Mental Illness: The Cost to Society

By Ellen Kuwana
Neuroscience for Kids Staff Writer
November 1, 2004

Did you ever wonder which diseases cost our society the most money? Me neither.

Yet I was amazed at the article "15 Illnesses Drive Up Costs," by Ceci Connolly, in the Washington Post, August 25, 2004. This newspaper article was based on statistics from health economist Kenneth Thorpe, who tracked the costs of 370 medical conditions over a 13-year time period:

  • There was a $200 billion increase in health care spending between 1987 and 2000.
  • The top five most expensive illnesses made up 31% of this $200 billion increase.
  • About half (56%) of this $200 billion increase was attributable to only 15 illnesses.

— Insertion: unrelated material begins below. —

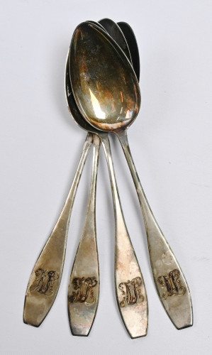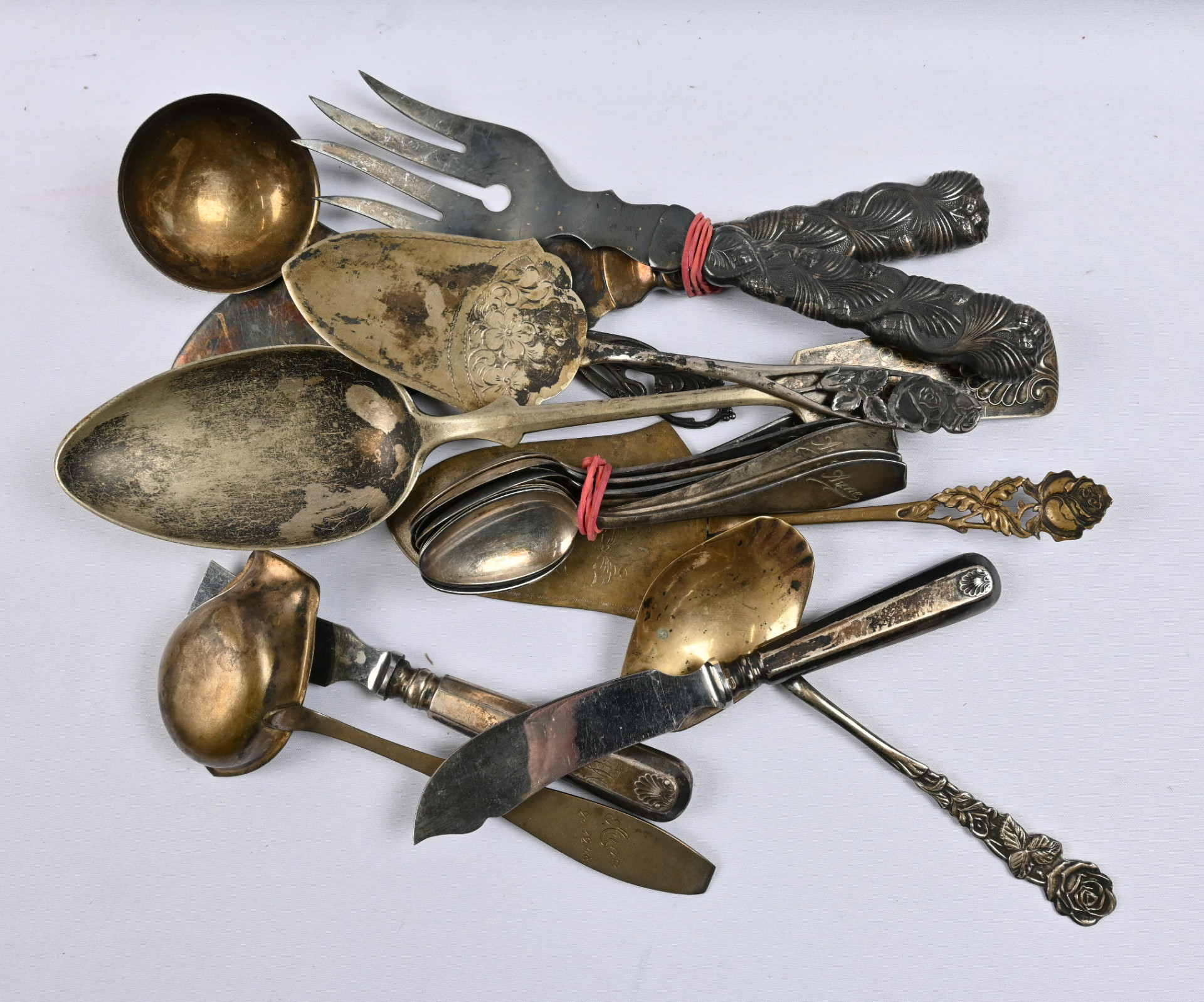 Ruokalusikoita neljä kpl hopeaa (813) ja kakkulapio ym lisäksi erä alpakkaa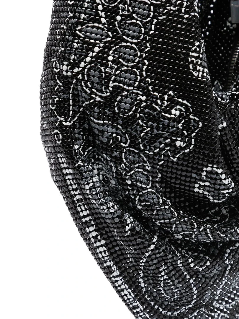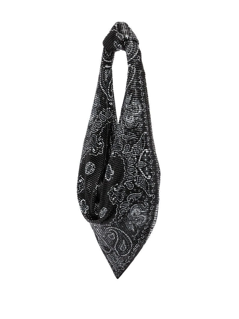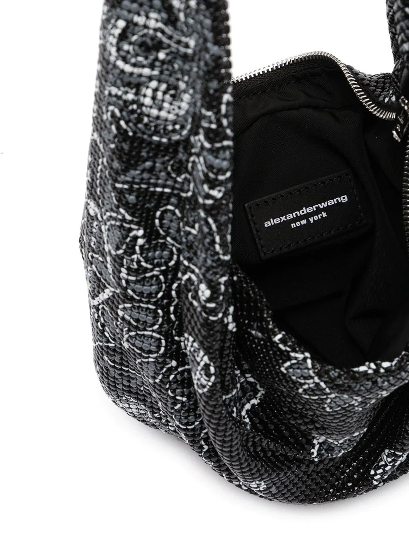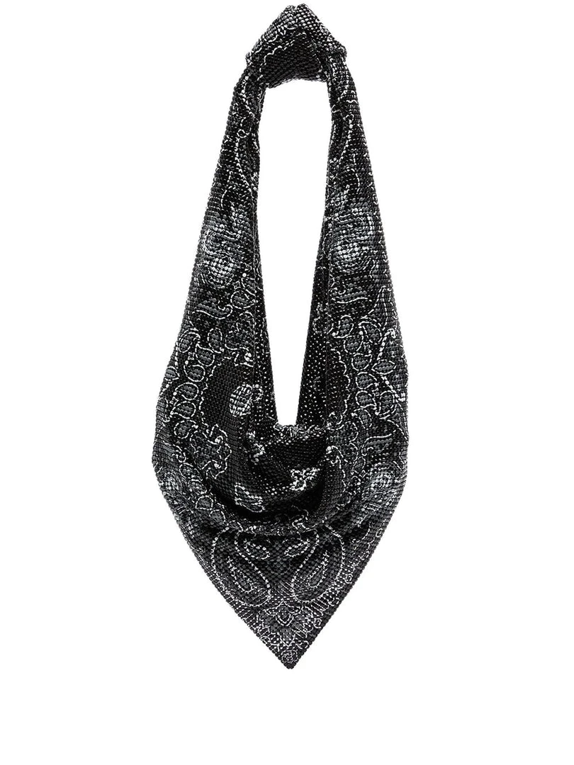 Alexander Wang black ‘Bandana Scarf Bag’ featuring a knotted handle, a top zip fastening, a chainmail design, a vintage grey and white bandana print, a small style and silver-tone hardware. Made in Vietnam.

Thorpe's study is important because it is the first to look at which diseases have the highest costs associated with them -- providing a priority list on how to effect change in insurance and medical care for these diseases on the top of the cost list. As the researchers put it "understanding U.S. health care spendingcould allow us to more effectively target interventions designed to rein in the growth of health care spending." The researchers point out that the increased costs could be caused by 1) more people being diagnosed and treated for a certain disease, or 2) increased health care costs because of a new medical technology, for instance.

In the case of mental illness, more people are being diagnosed and treated; for diseases such as heart disease, the diagnosis and treatment costs have increased, not the overall number of people with the disease. Furthermore, many diseases are becoming more commonplace because of our aging population.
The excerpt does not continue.